Downbeat earnings reports weigh on US indices
US stocks closed lower on Wednesday as a string of corporate reports missed expectations. The dollar weakened: the live dollar index data show the ICE US Dollar index, a measure of the dollar’s strength against a basket of six rival currencies, slipped 0.3% to 93.618. The S&P 500 fell 0.5% to 2557.15 led by telecom and industrial shares. All 11 main sectors ended lower. The Dow dropped 0.5% to 23329. NASDAQ Composite lost 0.5% to 6563.89.

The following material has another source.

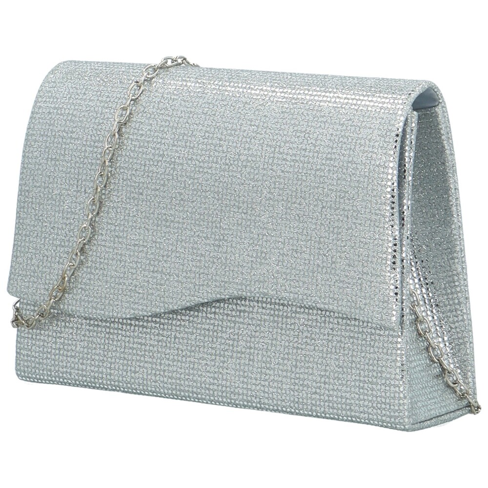 Táto strieborná listová kabelka od Michelle Moon oživí a doplní vaše sviatočné či večerné šaty a každého očarí. Asymetrická chlopňa dodáva kabelke originálny a dynamický vzhľad. Jej povrch je potiahnutý trblietavou látkou. Vnútri kabelky je dostatok miesta na vaše osobné veci. Krásne vám bude sedieť v ruke, ale aj prevesená cez rameno po pripnutí dlhej retiazky. Pevná konštrukcia zaistí, že si kabelka udrží svoj tvar a zároveň pôsobí luxusným dojmom. Má pevné dno, takže bude pevne stáť aj pri odložení. Dokonale doplní elegantný outfit. Objednajte ešte dnes a vyskúšajte! Vrátiť ju môžete až do 30 dní!

European stocks extend losses
European stocks continued the retreat on Wednesday as traders were cautious ahead of the European Central Bank meeting. The euro accelerated gains against the dollar and the British Pound ended higher against the greenback erasing all of the previous day losses. The Stoxx Europe 600 index fell 0.6%. Germany’s DAX 30 lost 0.5% to 12953.41. France’s CAC 40 slipped 0.4% and UK’s FTSE 100 dropped 1.1% to 7447.21. Indices opened mixed today.
Asian indices advance
Asian stock indices are mostly higher. Nikkei rose 0.2% to 21755 supported by strong earnings and resumed yen weakness against the dollar. Chinese stocks are mixed: the Shanghai Composite Index is 0.3% higher while Hong Kong’sHang Seng Index is down 0.3%. Australia’s ASX All Ordinaries added 0.2% as Australian dollar added to previous day’s sharp losses following a weaker than expected inflation report.
Oil slips as US crude inventories rise
Oil futures prices are edging lower today. Prices ended higher yesterday despite US Energy Information Administration report domestic crude supplies rose by 856 thousand barrels last week. That was above the 519 million barrel build reported by the American Petroleum Institute late Tuesday. At the same time US crude oil output rebounded 1.1 million barrel per day (bpd) to 9.5 million bpd. Brent crude rose 0.2% to $58.44 a barrel on Wednesday.